Articles on a variety of topics that will be of interest to
stroke survivors, caregivers and practitioners of health care.
The series, a different article each month, is sponsored by Pfizer.

 

Imagine waking up one morning and discovering to your amazement that you are not able to move one side of your body, not able to speak so others can understand you or not able to understand what others are saying to you. This awful wakeup call will happen to approximately 750,000 Americans each year, suffering a new or recurrent stroke. Changes in the ability to communicate will occur in a large percentage of these strokes.

Communication is an integral part of our relationships, and loss of the ability to understand or speak can be frightening. The most common difficulty is aphasia, literally a “loss of words.” A person with aphasia may know exactly what they wish to say, but the words will not come out, or will be spoken incorrectly (paraphasia), as in saying “round” for “ball” or “before” for “after.” Helen Harlan Wulf, author of Aphasia, My World Alone, describes aphasia: “Substitution was a constant solution and isn’t it amazing when simple words refuse to come, one can hunt and scratch and find others—an exhausting procedure, but one that often got the job done.”

Aphasia can also be a receptive problem meaning that the stroke survivor will not understand what is said and may have difficulty answering questions or following directions. Receptive aphasia may also make it difficult for a person to sort out conversations in a group of people or on the phone.

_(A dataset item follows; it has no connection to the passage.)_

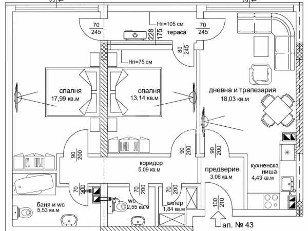 В продажба 3 стаен апартамент 98.9 квадратни метра. С много малък процент общи части. Изложение югоизток.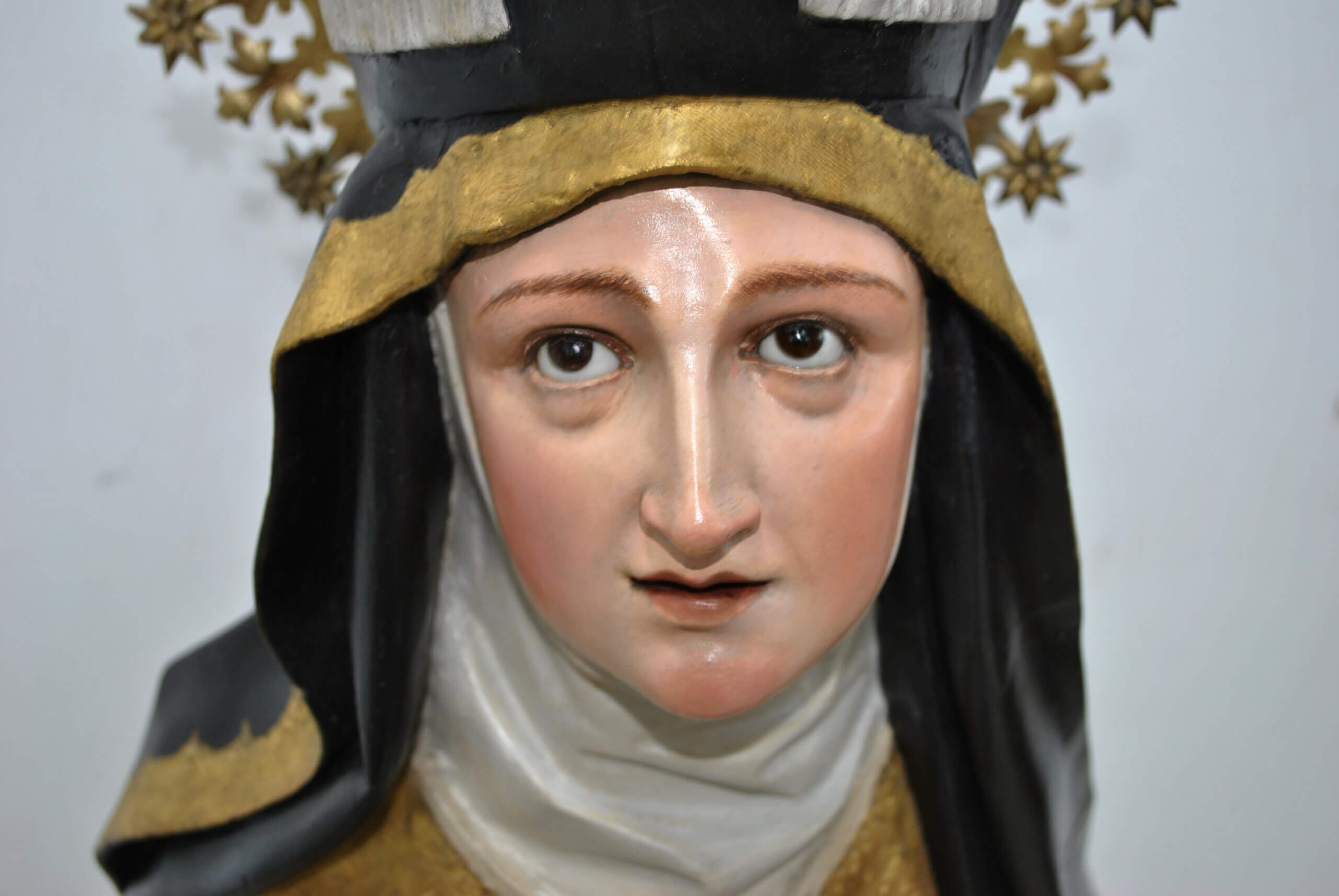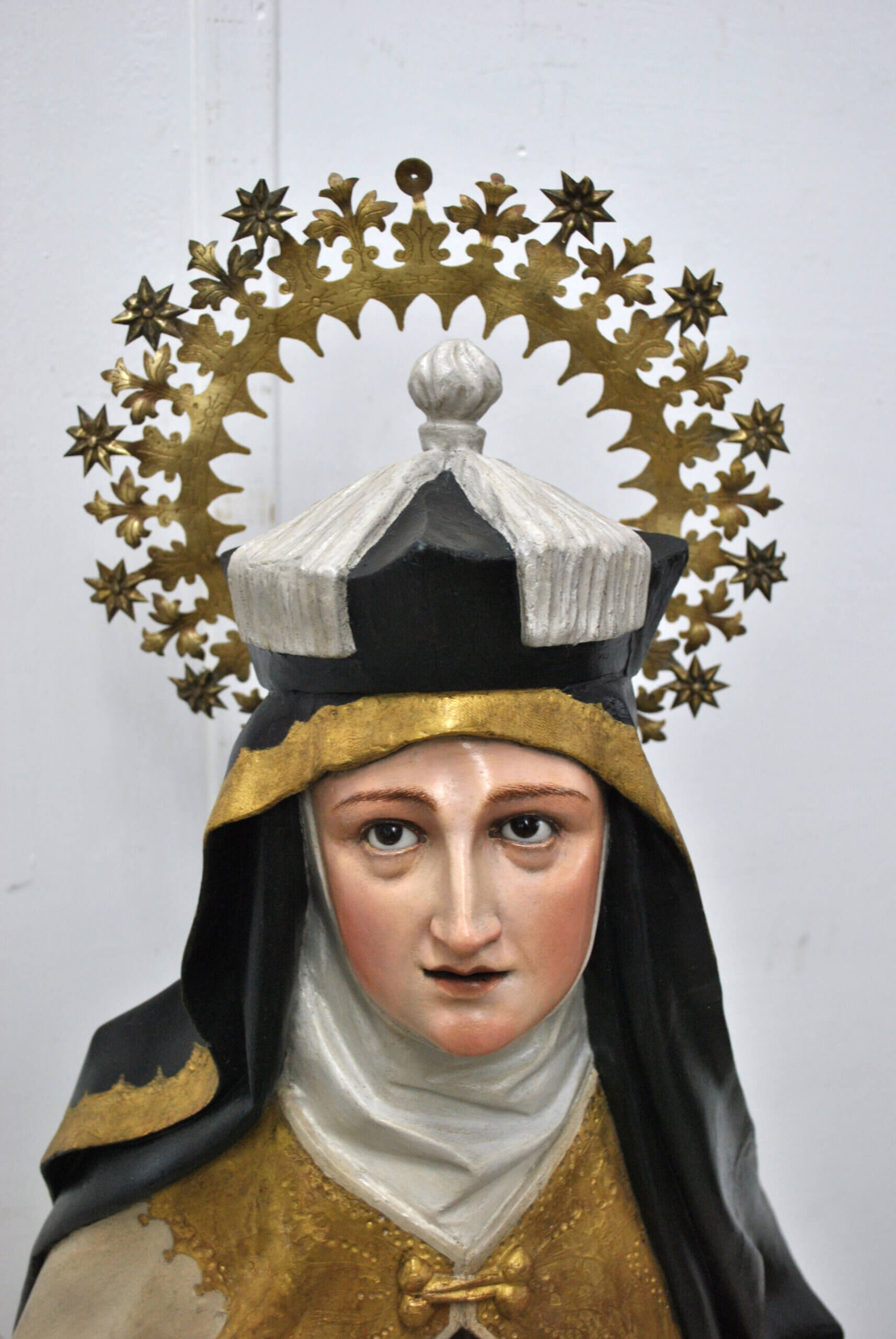 El rostro, de expresión serena y devota, denota una excelente calidad escultórica, con una policromía cuidada y naturalista. La imagen luce el hábito carmelita tradicional en tonos marrones, marfil y dorados, con detalles finamente estofados y una aureola de metal dorado calada con motivos estrellados.

Dysarthria is another type of speech deficit occurring with stroke. A person with dysarthria may have slurred, halting speech which is difficult to understand. This person may be mistakenly thought to be drunk or on drugs. Dysarthria can also affect the voice, making it a different pitch, tense or hoarse in quality. When the loudness of a voice is decreased it may be difficult to be heard in groups or on the phone.

With apraxia (a motor speech disorder rather than a language problem), a speaker will sound dysfluent or hesitant, as though stuttering. It may be hard to initiate words, or the words may be distorted and spoken in a groping manner.

Recovery from stroke and aphasia or other speech problems involves hard work and adjustment. Communication is not the same and may never be. Ram Dass wrote the last chapter of his book Still Here after having a stroke in 1997. He expresses his feelings about communication and the changes resulting from his aphasia. “I’ve got to treat words as if they are precious now...when words don’t come as easily it requires that what I say be as much ‘essence’ as possible. I don’t have the energy for all the digressions I used to run through.”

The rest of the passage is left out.